Seeking Advice: LLM Struggles to Find Contradictions Across Multiple Documents

Hi everyone,

I’m hoping to get your thoughts on a problem I’ve encountered with a project.
A small part of our project involves checking one or more documents for inconsistencies. For example, if a document states that “milk tea costs $10 a cup” in one place, and the same or another document says, “spend $20 to buy a cup of milk tea,” that’s a contradiction. Because these conflicting statements aren’t always phrased identically, we need to use an LLM to understand the semantics to identify them.
We’ve been passing the documents directly to a model (like ChatGPT or Gemini) via their API for it to read and assess.
We’ve noticed that if there’s only one document to check, the results are pretty good. The model is generally able to find the contradictory points with reasonable accuracy.
However, when we increase the number of documents to two or three, the model’s performance drops significantly. The inconsistencies could be within the same document or across different ones. In these multi-document scenarios, the model seems to get confused and can’t reliably identify the contradictions.
Based on my description, does anyone have an idea what might be causing this issue? What steps could we take to enable the model to accurately find contradictions across several documents? (I’m wondering if, in this situation, instead of feeding the entire documents to the large model, we should be using a method similar to RAG by chunking and vectorizing the documents first. However, this is different from a typical RAG use case, as we’re not searching for specific information based on a user query.)
Thanks in advance for your help!

I am not expert but replying to build my understanding as well with certain assumption of my based on my experience of chatgpt.

a) First of all with my API key on free account I am allowed on chatgpt-4o-min which possibly is the only model I can use.

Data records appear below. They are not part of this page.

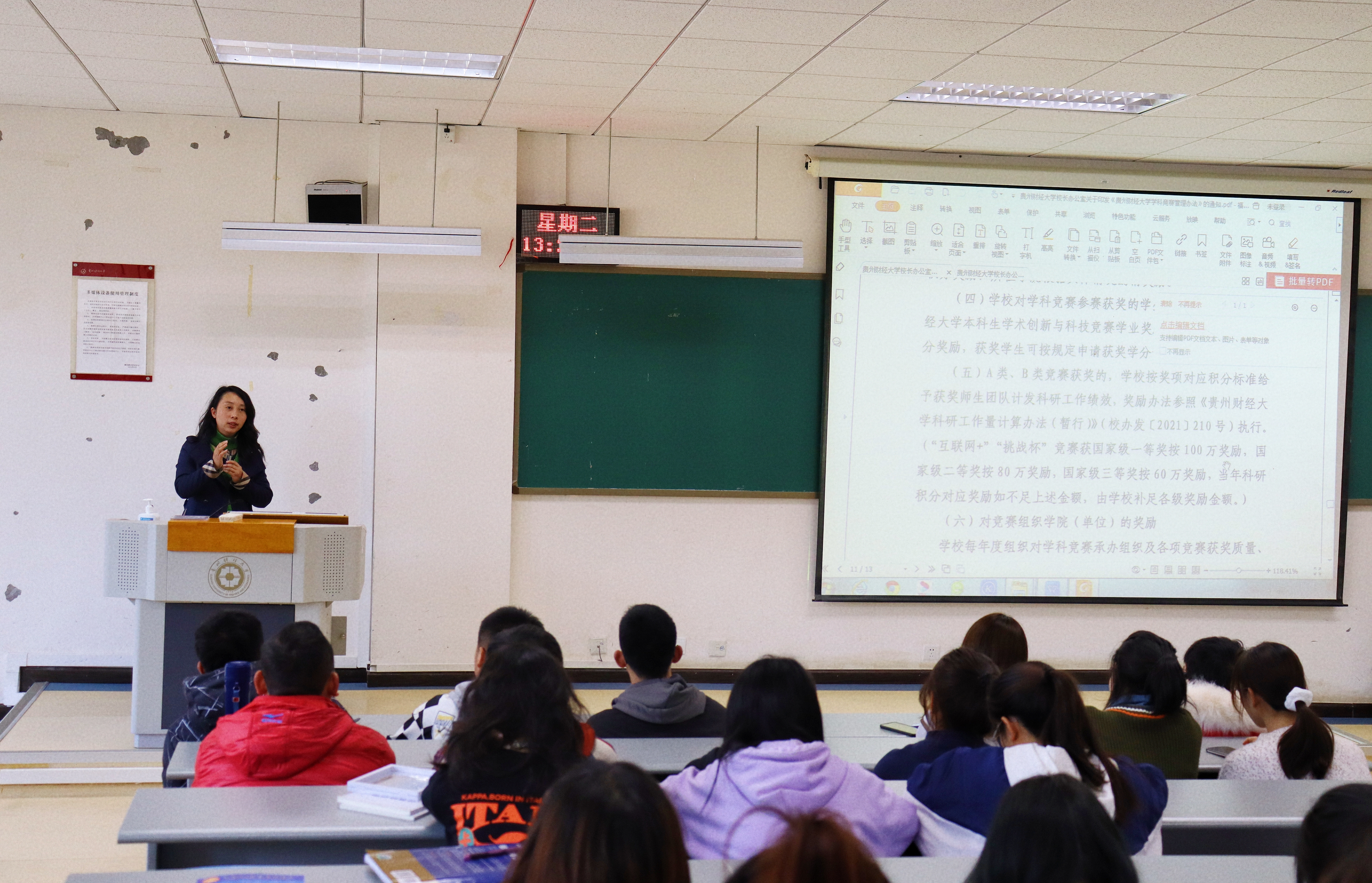 最后,代莉莎对学校下发有关学科竞赛的文件向同学们进行了解读,她指出学院会全力支持同学们参赛,同时勉励同学们要积极尝试、勇于挑战、在参加竞赛中锻炼和发展自身的综合素质能力。
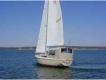 Hunter Hunter 33 description- I re: designed the rig as a balanced lug on wooden spars with an aluminum mast. The sail was professionally made by Andy Soper of Kingston, Ontario, and has two sets of reefing points set up with jiffy reefing. She has a nice downhaul system specially designed to facilitate tensioning the rig and making adjustments from the helmsman's position while underway. Her centerboard is galvanized steel (weighs about 100 LBS), and is easily lifted with an attractive custom winch mounted on the case. Removable wooden outboard bracket which is mounted on the port quarter.
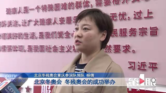 北京冬残奥会重庆参演队领队杨倩告诉记者,北京冬奥会、冬残奥会的成功举办,兑现了中国向国际社会的庄重承诺,作为北京冬残奥会的参与者,她感到特别光荣。
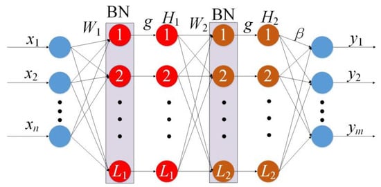 For N samples , , , n is the number of input features, and m is the number of output features. L1 and L2 represent the number of nodes in the first and second hidden layers, respectively, and the node parameters are randomly valued. The weights W1 and W2 have a value range of [−1, 1], and the thresholds B1 and B2 have a value range of [0, 1]. Given the activation function g, the output matrix H1 of the first hidden layer is calculated according to Equation (10).

Also these model i model have 20-30 neural layers were as the advanced model though not disclosedd upwards 100 nerual layer to process such issue at very find layer.

These smaller and older model also truncate and dont process the files. Also there is an option to think hard but i guess that is in grok but I am whehter it means it take a detailed answer or process information at higher level

If you can chose other advanced model ( payed) then may be you might get better response.

b) Also if if you can add system prompt to add. In my head i think this is classfication issue . In one of the tutorial i thought a encoder tranformer is better suited for it.

c) Also if you can add temperature, and try a lower value during prompting which the chatgpt allow . To my understanding if you keep the temperature value between 0 to 0.3 model would not make guesses or go wild.

I would love hear from expert and correct me if my understanding is off.